The health care system in the US is broken. It costs far more per person than other countries’ health care and its outcomes are worse – from infant mortality to life expectancy. Costs are escalating, typically faster than the general inflation in the economy. And millions of Americans don’t have health insurance and millions more have insurance with high co-payments and deductibles that could bankrupt them.
The Affordable Care Act (ACA), often called Obama Care, has taken some important steps to improve our health care system. Tens of millions of Americans now have health insurance who didn’t have it before. Elements of the ACA will improve outcomes and control costs, but these are band aids and won’t solve the real problems.
To really fix our broken health care system, we need to allow all Americans to participate in Medicare, our health insurance program for seniors. Individuals who aren’t old enough to qualify for Medicare would buy into it by paying health insurance premiums to Medicare. They would do this under the Affordable Care Act through the exchanges the ACA has setup where those without health insurance find and purchase coverage. Premium subsidies would be available for those who can’t afford the cost.
This would save money because Medicare is more efficient than private health insurance. Over 30% of health care spending in the US goes to administrative costs (e.g., advertising, marketing, paperwork, executive pay, and profits).

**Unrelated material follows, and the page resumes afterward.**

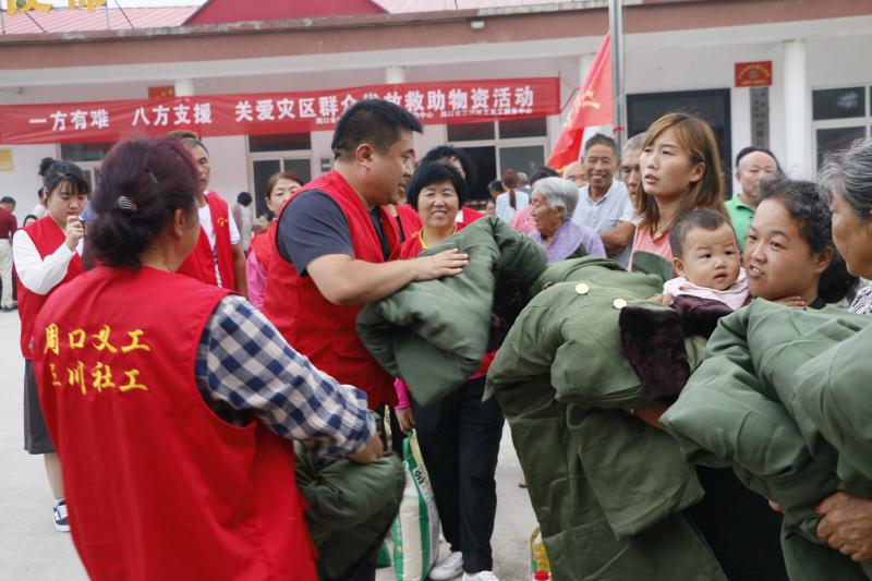去年7月底,面對(duì)來勢(shì)洶洶的雨情汛情,三川社工迅速反應(yīng),立即組建了由60名社工、義工組成的防汛救災(zāi)突擊隊(duì),連續(xù)10天在賈魯河沿岸3個(gè)村莊和二板橋段開展防汛值守;組織40名社工、義工裝卸防汛救災(zāi)物資,向川匯區(qū)、西華縣、扶溝縣30多個(gè)防汛值守點(diǎn)和居民安置點(diǎn)運(yùn)送食物和救災(zāi)物資。

However, Medicare’s administrative costs are only around 3%. This means that up to $400 billion a year could be saved if everyone opted to get their health insurance through a Medicare for All program. Furthermore, removing the prohibition on Medicare bargaining with drug companies for lower prices (put in place by President George W. Bush) would save additional billions of dollars. [1]
A Medicare for All program is the best way to improve health outcomes in the US while controlling costs. It incorporates many of the benefits of a single-payer system. It is effectively the “public option” that was originally part of the Affordable Care Act but was removed at the insistence of private insurers and their supporters in Congress. They didn’t want a Medicare-type program competing with private insurance because they knew Medicare for All would be more efficient and less costly for consumers.
Implementing Medicare for All is the eleventh (they decided 10 ideas wasn’t quite enough) of Ten Ideas to Save the Economy: The Big Picture presented by Robert Reich and MoveOn.org. (You can watch the 3 minute video at: https://www.facebook.com/moveon/videos/vb.7292655492/10152825520900493/?type=2&theater.)
[1] Reich, R. (2010). “Aftershock: The next economy & America’s future,” Vintage Books.